(LISTED ENTRIES)
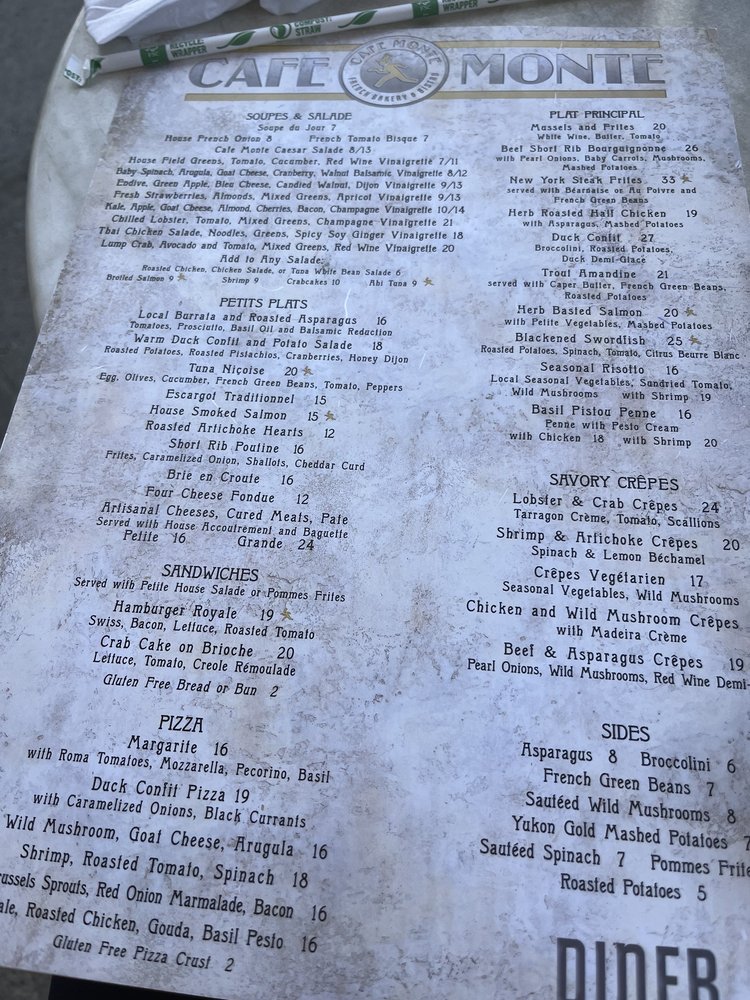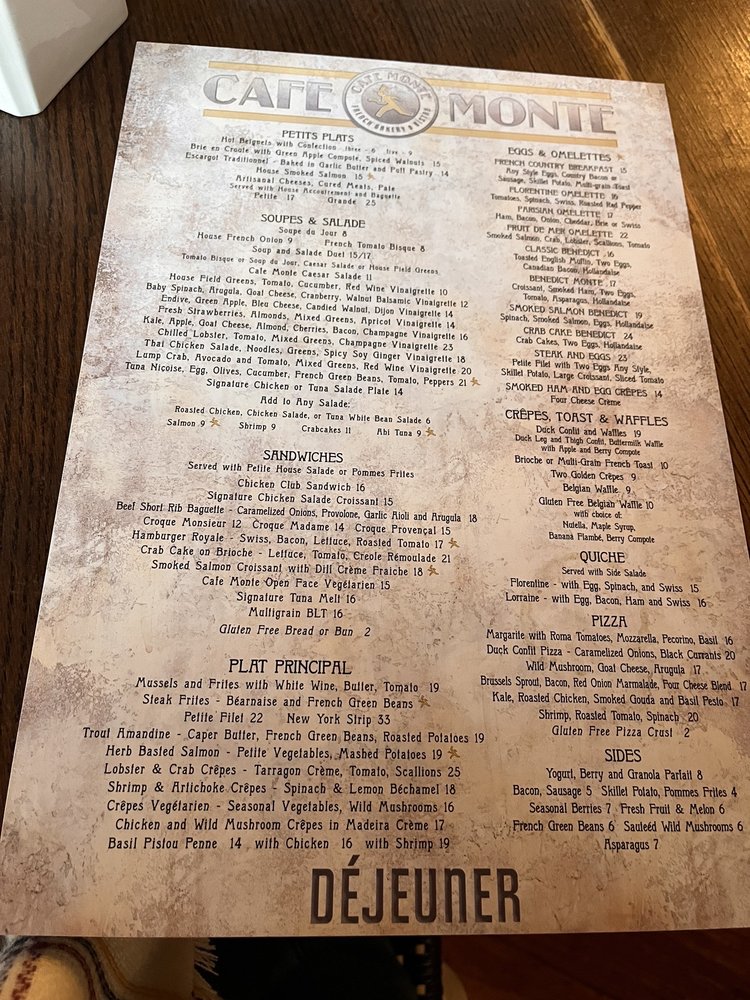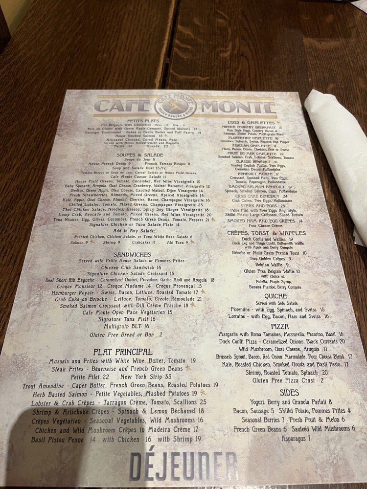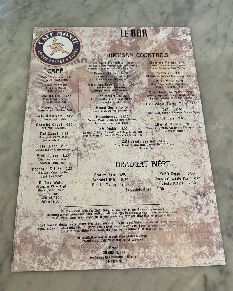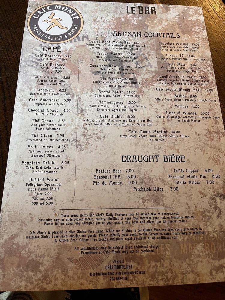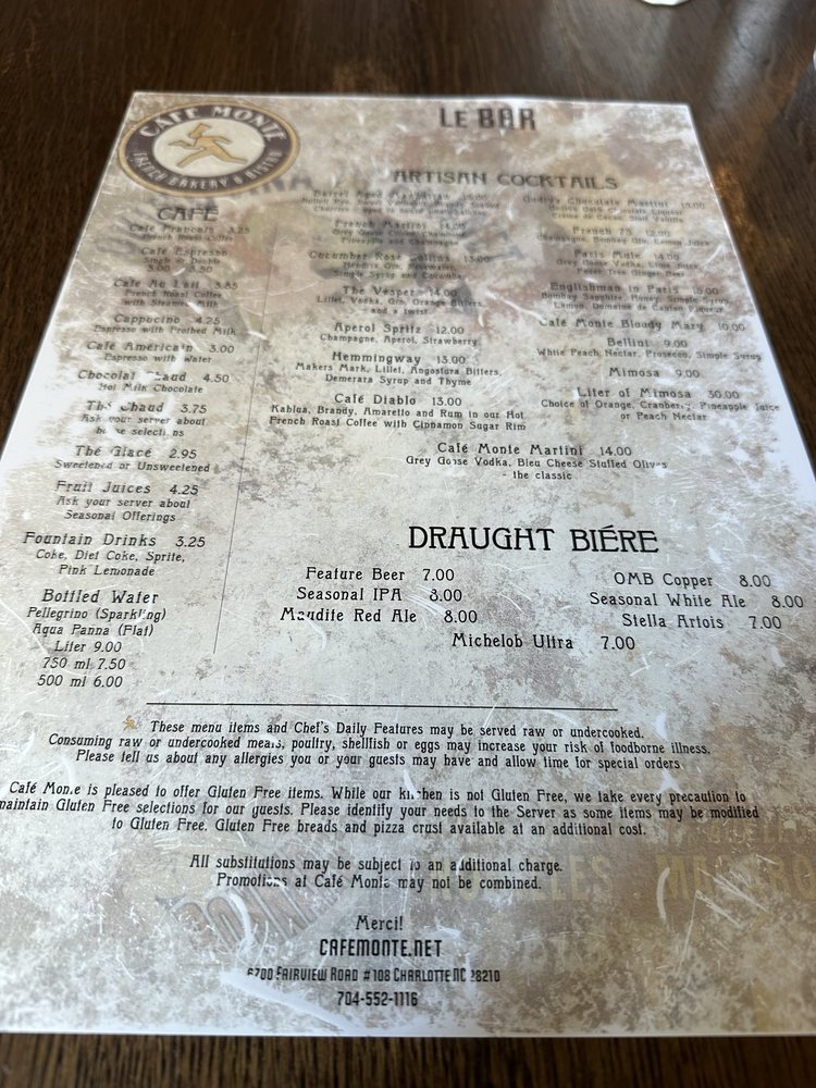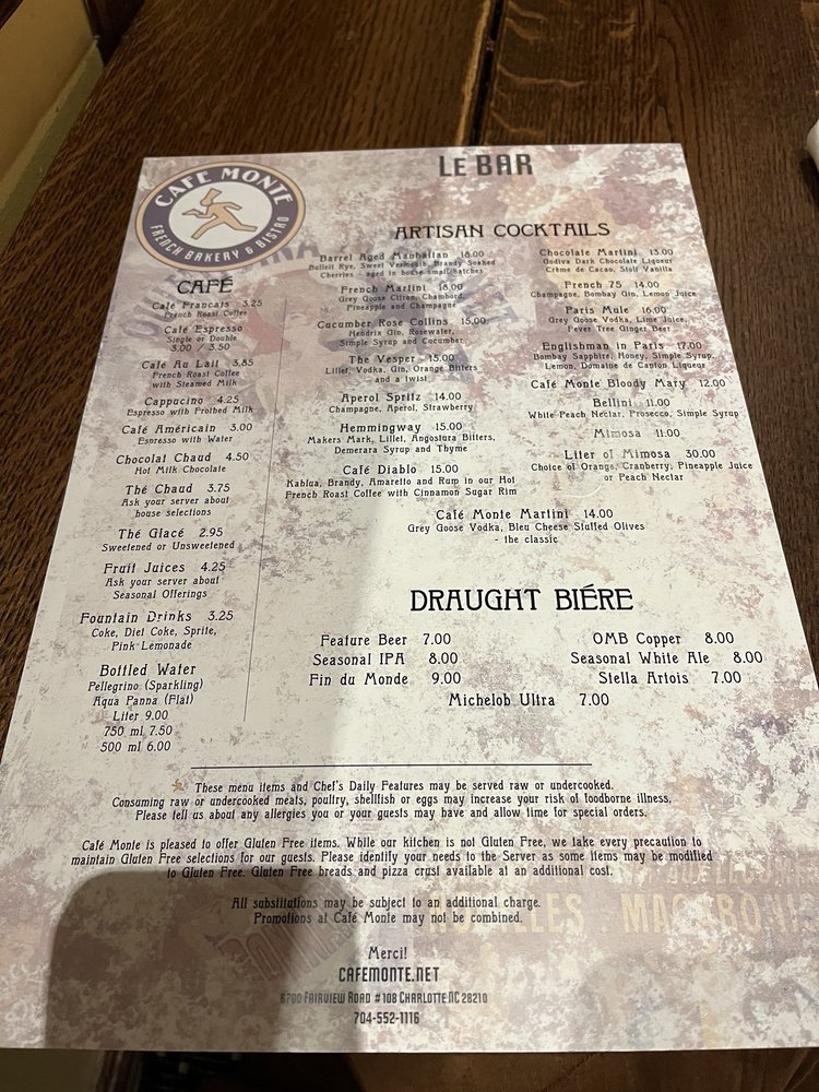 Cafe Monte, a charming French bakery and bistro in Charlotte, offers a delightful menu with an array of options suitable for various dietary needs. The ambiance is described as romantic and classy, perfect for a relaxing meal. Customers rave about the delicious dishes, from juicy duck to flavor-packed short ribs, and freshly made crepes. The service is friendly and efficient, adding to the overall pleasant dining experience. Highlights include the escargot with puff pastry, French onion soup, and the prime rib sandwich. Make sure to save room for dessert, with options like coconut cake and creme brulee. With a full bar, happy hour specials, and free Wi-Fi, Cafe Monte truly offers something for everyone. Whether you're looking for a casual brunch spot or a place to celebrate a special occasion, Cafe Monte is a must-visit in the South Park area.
(End LISTED ENTRIES)
(LISTED ENTRIES)
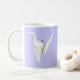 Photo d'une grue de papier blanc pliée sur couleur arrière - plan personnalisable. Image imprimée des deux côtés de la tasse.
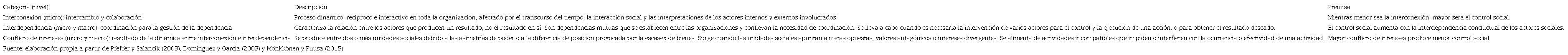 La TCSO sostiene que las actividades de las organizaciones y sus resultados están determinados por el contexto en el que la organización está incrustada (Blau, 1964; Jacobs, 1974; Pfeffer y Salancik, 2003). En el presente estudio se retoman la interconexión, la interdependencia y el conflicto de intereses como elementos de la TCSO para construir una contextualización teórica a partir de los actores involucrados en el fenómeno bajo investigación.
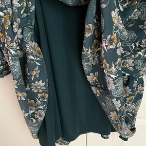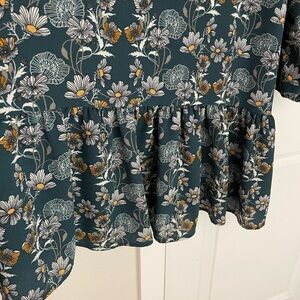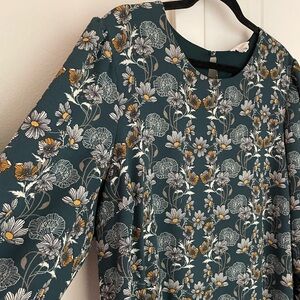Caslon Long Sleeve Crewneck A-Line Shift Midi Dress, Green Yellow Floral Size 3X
(End LISTED ENTRIES)
(LISTED ENTRIES)
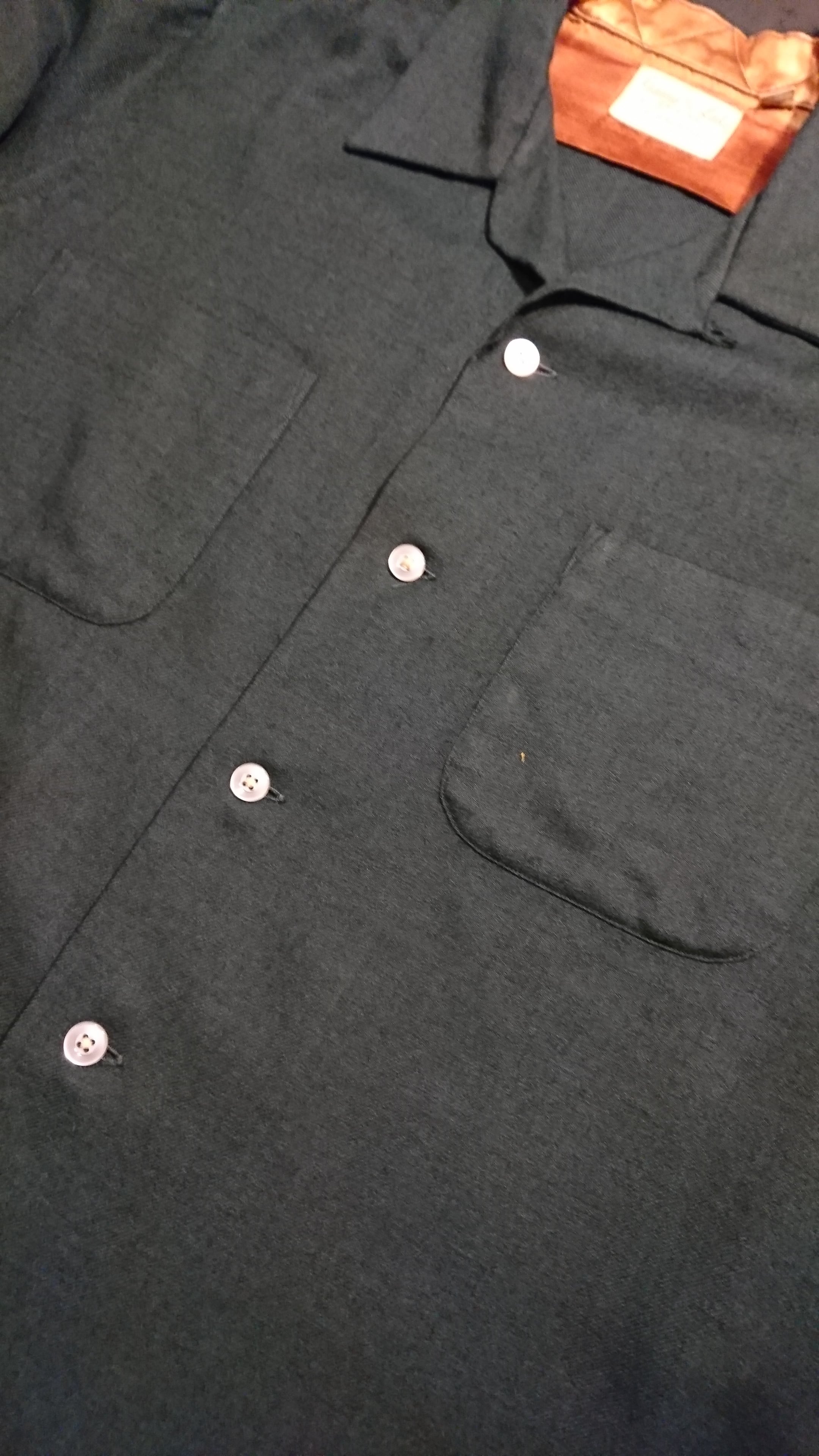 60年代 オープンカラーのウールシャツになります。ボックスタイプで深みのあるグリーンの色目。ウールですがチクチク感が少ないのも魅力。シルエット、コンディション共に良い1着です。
(End LISTED ENTRIES)
▶ [WHAT YOU SHOULD DO]:
Retype only the lines above from the one with "Photo d'une grue" through the one with "Caslon Long Sleeve", exactly and with both ends. Images stay out.

▶ [RESPONSE TO THE EXERCISE]:
 Photo d'une grue de papier blanc pliée sur couleur arrière - plan personnalisable. Image imprimée des deux côtés de la tasse.
 La TCSO sostiene que las actividades de las organizaciones y sus resultados están determinados por el contexto en el que la organización está incrustada (Blau, 1964; Jacobs, 1974; Pfeffer y Salancik, 2003). En el presente estudio se retoman la interconexión, la interdependencia y el conflicto de intereses como elementos de la TCSO para construir una contextualización teórica a partir de los actores involucrados en el fenómeno bajo investigación.
Caslon Long Sleeve Crewneck A-Line Shift Midi Dress, Green Yellow Floral Size 3X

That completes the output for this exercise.